Anyway, thank your for your kind explanation.
Martin ^_^

"Pawel Potasinski" <> wrote in message
news:e7ozG$.gbl...
> If you look into BOL ("Precision, Scale, and Length (Transact-SQL)"
> chapter) then you will find some table containing precision and scale of
> decimal data after arithmetic operations.
>
> And if you multiply two decimals: on of precision p1 and scale s1 and the
> second of precision p2 and scale s2 you gain precision (p3) and scale (s3)
> as shown below.
>
> p3 = p1 + p2 + 1 -> p3 = 28 + 28 + 1 = 57 ???
> s3 = s1 + s2 -> s3 = 10 + 10 = 20
>
> As you may know the maximum precision of decimal is 38. If the calculated
> precision of the result reaches 37 or more then the scale is reduced to
> avoid theoretical truncation of meaningful data. However, the minimum
> scale reached with this process is 6. And that's your situation.
>
> Try a little test:
>
> declare @amount1 decimal(28,10)
> declare @amount2 decimal(28,10)
> set @amount1 = 0.0275
> set @amount2 = 0.0105
> SELECT @amount1, @amount2
> SELECT
> SQL_VARIANT_PROPERTY(CAST(@amount1 * @amount2 AS
> SQL_VARIANT),'precision'), -- will be 38
> SQL_VARIANT_PROPERTY(CAST(@amount1 * @amount2 AS
> SQL_VARIANT),'scale') -- will be 6 (!)
>
> And another one:
>
> declare @amount1 decimal(28,10)
> declare @amount2 decimal(18,10) -- changed precision to 18, so the
> calculated precision of the result is 46
> set @amount1 = 0.0275
> set @amount2 = 0.0105
> SELECT @amount1, @amount2
> SELECT
> SQL_VARIANT_PROPERTY(CAST(@amount1 * @amount2 AS
> SQL_VARIANT),'precision'), -- will be 38 (as this is the maximum precision
> available)
> SQL_VARIANT_PROPERTY(CAST(@amount1 * @amount2 AS
> SQL_VARIANT),'scale') -- will be 11 (because 11 = s1 + s2 - [p1 + p2 - 37]
> = 10 + 10 - [28+18-37])
>
> IMHO, this is not the worst part of numeric operations. Understanding of
> precision and scale after division is the real challenge :-)
>
> --
> Regards
> Pawel Potasinski
> [
>
>
> U¿ytkownik "Atenza" <> napisa?w wiadomo¶ci
> news:.gbl...
>> declare @amount1 decimal(28,10)
>> declare @amount2 decimal(28,10)
>> set @amount1 = 0.0275
>> set @amount2 = 0.0105
>> select @amount1 * @amount2
>>
>> i expect the result = 0.00028875, however, it only return 0.000289 why??
>> the declartion of the decimal data type specify the decimal place up to
>> 10, how come after mulitple, only 6 decimal places return? please help
>> me!
>>
>> Thanks in advance!
>> Martin
>>
>
>

Pawel Potasinski

> SQL_VARIANT_PROPERTY(CAST(@amount1 * @amount2 AS SQL_VARIANT),'scale')
> -- will be 11 (because 11 = s1 + s2 - [p1 + p2 - 37] = 10 + 10 -
> [28+18-37])
>
> How do you know the scale is s1 + s2 - [p1 + p2 - 37]?
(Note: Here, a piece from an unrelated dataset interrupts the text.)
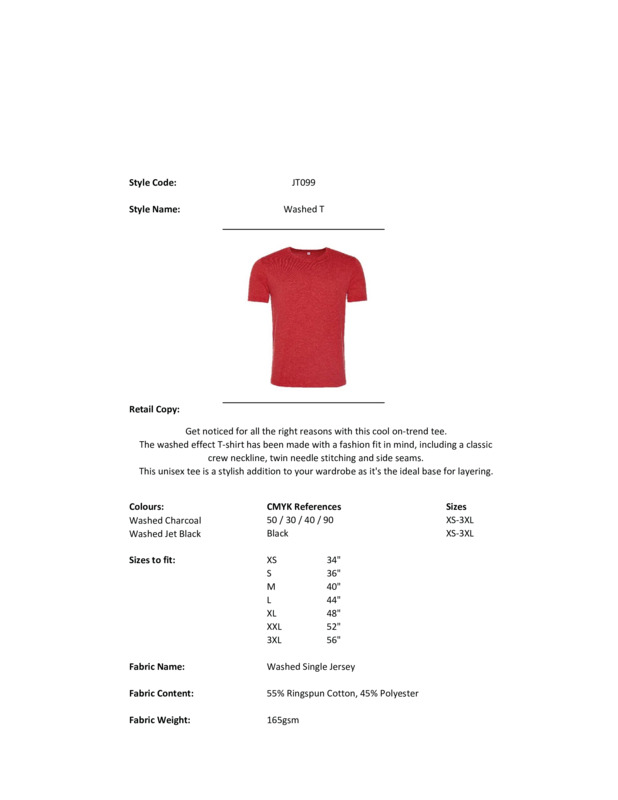 Get noticed for all the right reasons with this cool on-trend tee. The washed effect T-shirt has been made with a fashion fit in mind, including a classic crew neckline, twin needle stitching and side seams. This unisex tee is a stylish addition to your wardrobe as it's the ideal base for layering.Modern and stylish fitShort sleeved TSize tab labelWashed effect, soft touchTaped neckTwin-needle stitching on sleeves and bottom hemRibbed crew neck style1x1 rib knit collarSet-in sleevesStylish fitDue to washing process each garment is uniqueWorldwide Responsible Accredited Production (WRAP) certified productionWRAP certifiedVegan certifiedSEDEX certified.Accreditations: WRAP|Sedex|Peta Approved VeganAge Group: AdultFabric: 55% Cotton, 45% PolyesterGender: MalePlus Size: YesProduct Type: T-ShirtsSize Range: XS to 3XLSizing To Fit: XS 34″ S 36″ M 40″ L 44″ XL 48″ 2XL 52″ 3XL 56″Tag: TaglessWashing Instructions: Machine wash 30°. Do not bleach. Tumble dry possible at low heat. Cool Iron. Do not dry clean. Wash dark colour separatelyWeight (GSM): 165gsm]]>

By doing a very simple research :-) Just track how result scale is changing
when you increase the precision of input numbers.

> From the BOL ("Precision, Scale, and Length (Transact-SQL)" chapter), only
> s1 + s2 will be the result scale after e1 * e2
> Except the result precision and scale have an absolute maximum of 38. When
> a result precision is greater than 38, the corresponding scale is reduced
> to prevent the integral part of a result from being truncated.
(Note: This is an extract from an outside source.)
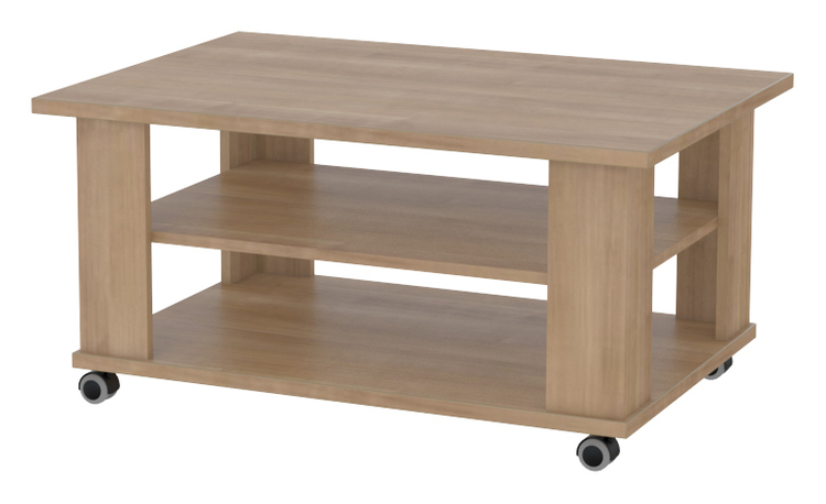 Konferenční stolek na kolečkách a policí. Stolová deska je s přesahem. Možnost výběru barvy viz vzorník. Stolek má další rozměrové varianty. Dodáváno ve smontovaném stavu. Zakázková výroba.

BOL does not always explain everything. And sometimes it contains
mistakes... I always perform some tests when I'm not sure if BOL says the
truth ;-)

>
> this is not the worst part of numeric operations <-- It seems that you
> have encountered worst numeric operation that this, i am quite
> interesting, would you mind to share?

What I mean is the result precision and scale of the division. When you
multiply two decimals precision and scale is fairly easy to calculate (the
problem appears when the maximum precision is reached). But when you divide
the expressions for precision and scale calculation are pretty complex. So
it is a little harder to make the research. Especially only by using T-SQL
;-)

Finally, IMHO, decimal data type is quite good for calculations that do not
need scale greater than 6 (or even smaller...).

Regards,
Pawel